Your goal:
Skipping any pictures, repeat exactly and only the lines from the one that holds "Description from L.A." to the last line of the material, both included.

Exercise data Block Start

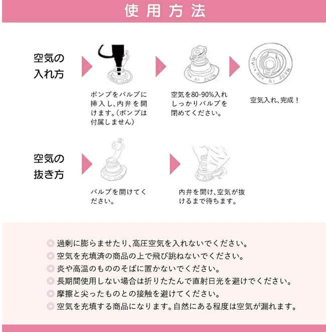 空気を入れる浮き輪なので、エアポンプで空気入れをおすすめします。空気抜いた後、コンパクトに畳め、持ち運びやすいです。また、邪魔にならず、省スペースに収納できます。長時間使用しない場合、必ず乾して保管してください
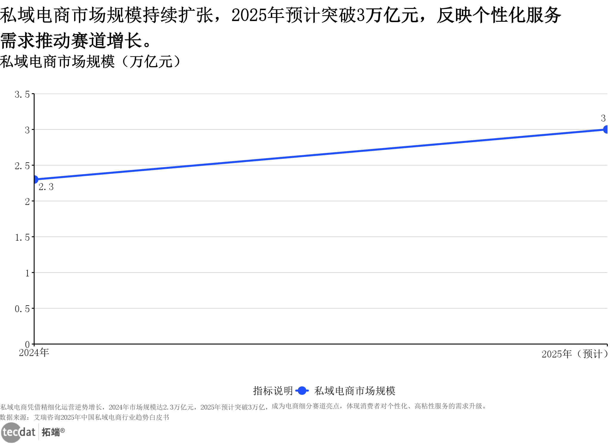 | 私域电商 | 2025年预计规模3万亿元 | 艾瑞咨询《2025年中国私域电商行业趋势白皮书》 | 全品类商家、创业者 |
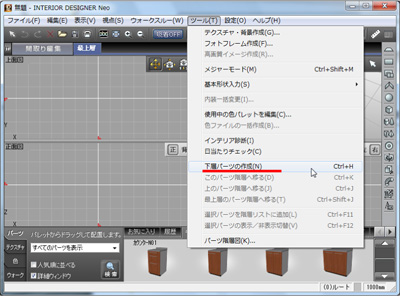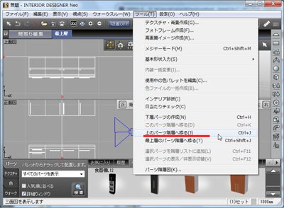 「ツール」から「上のパーツ階層へ移る」を選択します。 |
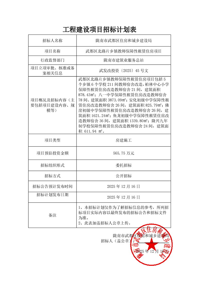 武都區西路片鄉鎮教師保障性租賃住房項目
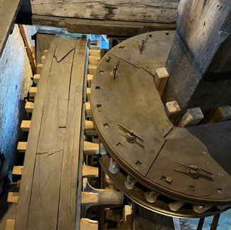 After the outdoor demonstration, we got to head inside the windmill. It's incredible to think about a miller who, when these were first built, had to keep that windmill running night and day through all the weather this area receives - or risk flood. The amount of effort is astounding if you had to do this full time.
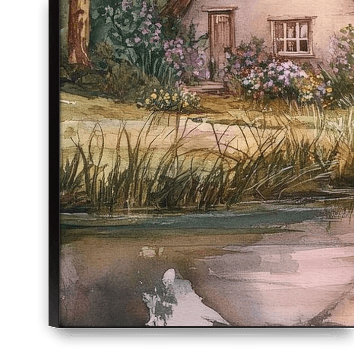 Un village pittoresque au bord d'une eau calme, entouré de douces collines et d'arbres majestueux, invite à la rêverie. Les couleurs chaudes du coucher de soleil se reflètent dans la clarté du lac, tandis que les charmantes maisons créent un cadre idyllique et accueillant. Cette œuvre d'art est parfaite pour le salon afin de créer une…
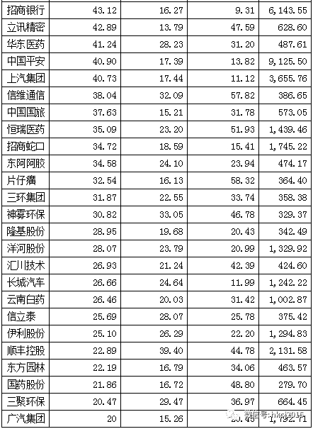 附表1:海通证券三大标准筛选“漂亮50”个股组合
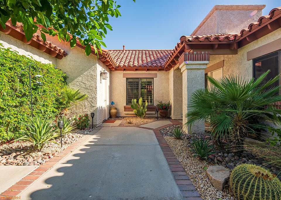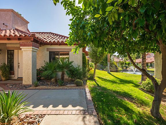 Great opportunity to experience the desert lifestyle in highly desired location within Desert Falls Country Club...this property is conveniently located close by the clubhouse and fitness center where you can enjoy a brisk game of pickle ball or work out with state of the art equipment...the championship golf links is one of the finest courses in the desert...memberships are available or pay as you play...and after a day of fun, relax on your patio with gorgeous views and relaxing sounds from the nearby water feature...This property has been tastefully remodeled and beautifully appointed...the open floor plan feels spacious and inviting...plenty of room to entertain guests...new epoxy garage floor with spaces for two cars and a golf cart...conveniently located to fine dining, El Paseo shopping and the Acrisure Arena...this property checks all the boxes...
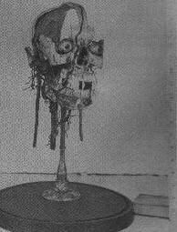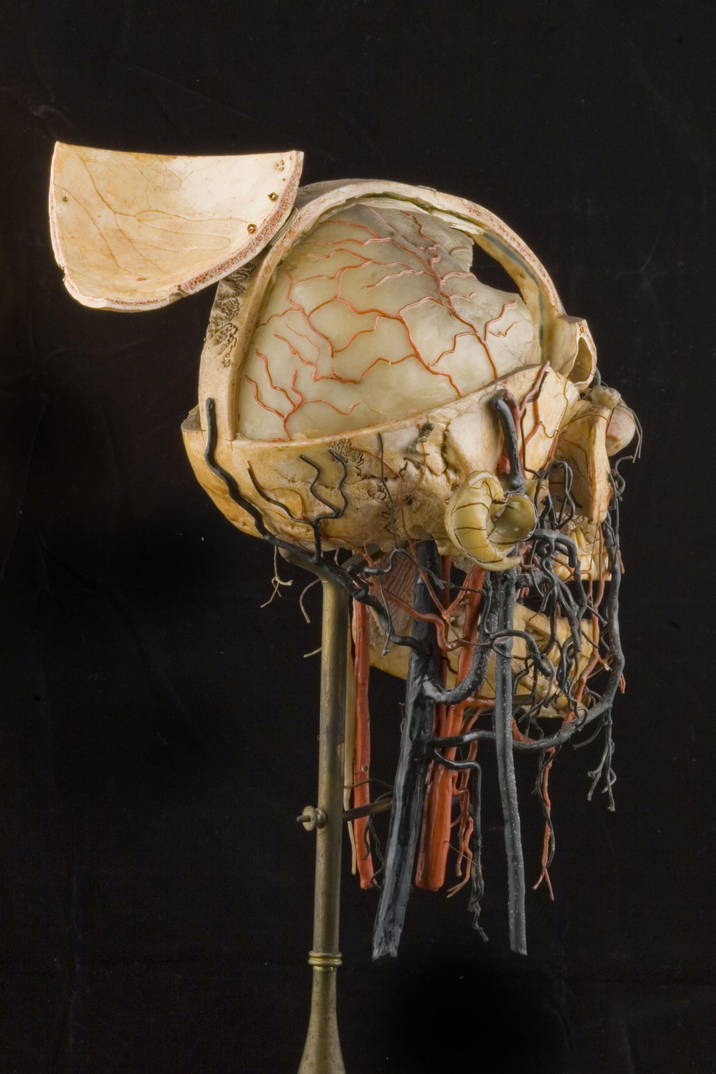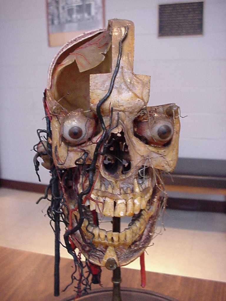 Description from L.A. Brown's 1959 catalog: "This is a human skull which has been sawed to show the cavities. Nerves, blood vessels, glass eyes, and some muscles have been added to show in considerable detail the relationship of these structures to the bones, teeth, etc. Impacted wisdom teeth show plainly in the lower jaw. This head was purchased from Guy (Paris) for 140 francs in 1839. It is listed in Guy's 1850 catalogue at 170 francs."Collection
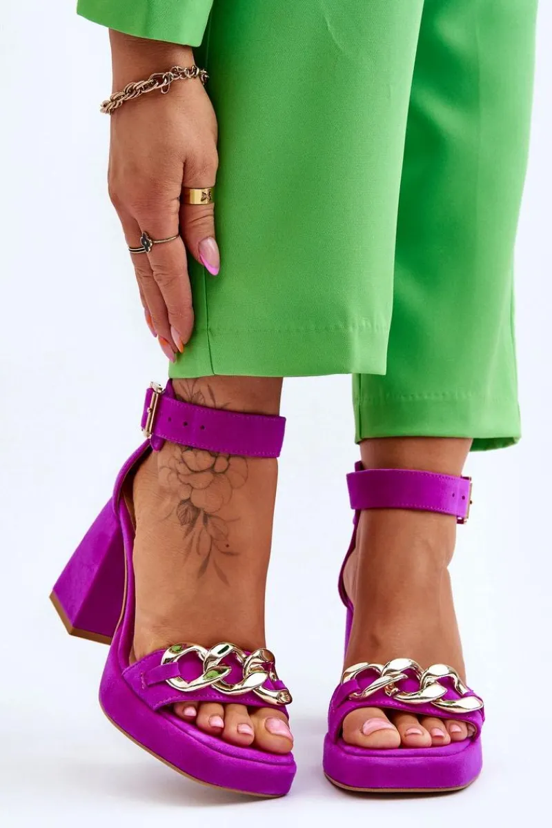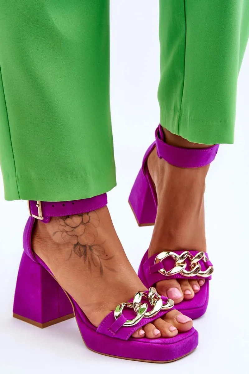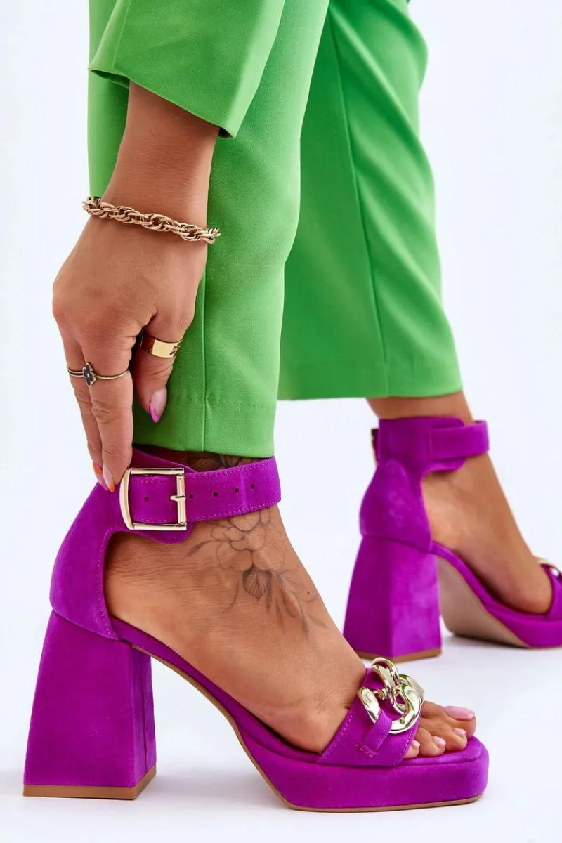 Sandały Na Obcasie>Boto Damskie Zamszowe Sandały Na Masywnym Obcasie Lewski Shoes 3207 Fuksja Różowy
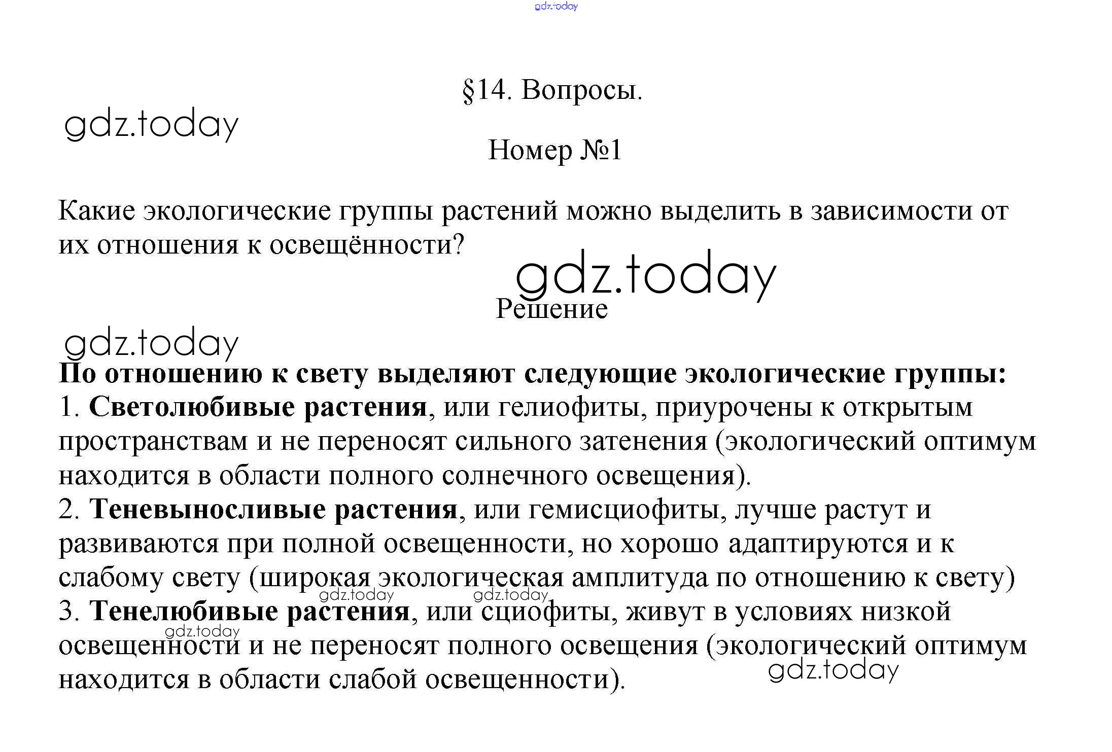 Решение к §14. Характеристика основных экологических групп растений
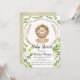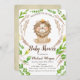 Um belo duche de elefantes convida um adorável leão bebê com folhas de coroa e de árvore. Esses convites para chuveiros de bebês elefantes são facilmente personalizados para seu evento simplesmente adicionando seus detalhes de evento.
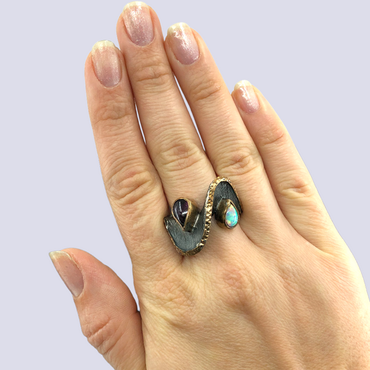 925 Oxidized Silver Ring With Pink And White Opal And Amethyst, Size 8
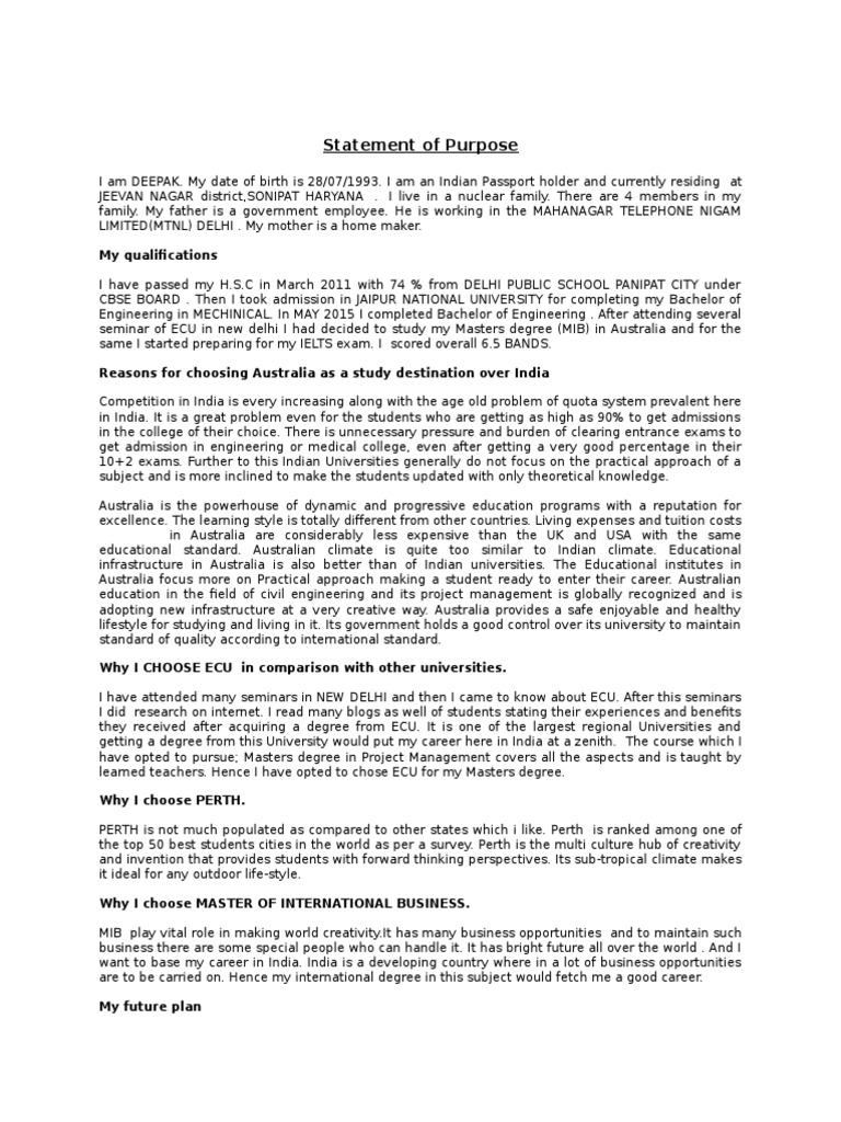 Do not exceed the given word limit. Be crisp, do not flatter in your language. Avoid too many technical terms. Do not lie in your Statement of Purpose, dishonesty may lead to rejection. Beware with humour, it can backfire! Recommended articles. What are Study Abroad Intakes? The challenges of choosing the right course when studying abroad Our experienced IDP counsellors will help you put together your application and certify the supporting documents. Why Study Abroad See the world, experience a new culture, dive into a world-class education — and prepare for your global future.

Exercise data Block End

Answer to this exercise:
 Description from L.A. Brown's 1959 catalog: "This is a human skull which has been sawed to show the cavities. Nerves, blood vessels, glass eyes, and some muscles have been added to show in considerable detail the relationship of these structures to the bones, teeth, etc. Impacted wisdom teeth show plainly in the lower jaw. This head was purchased from Guy (Paris) for 140 francs in 1839. It is listed in Guy's 1850 catalogue at 170 francs."Collection
 Sandały Na Obcasie>Boto Damskie Zamszowe Sandały Na Masywnym Obcasie Lewski Shoes 3207 Fuksja Różowy
 Решение к §14. Характеристика основных экологических групп растений
 Um belo duche de elefantes convida um adorável leão bebê com folhas de coroa e de árvore. Esses convites para chuveiros de bebês elefantes são facilmente personalizados para seu evento simplesmente adicionando seus detalhes de evento.
 925 Oxidized Silver Ring With Pink And White Opal And Amethyst, Size 8
 Do not exceed the given word limit. Be crisp, do not flatter in your language. Avoid too many technical terms. Do not lie in your Statement of Purpose, dishonesty may lead to rejection. Beware with humour, it can backfire! Recommended articles. What are Study Abroad Intakes? The challenges of choosing the right course when studying abroad Our experienced IDP counsellors will help you put together your application and certify the supporting documents. Why Study Abroad See the world, experience a new culture, dive into a world-class education — and prepare for your global future.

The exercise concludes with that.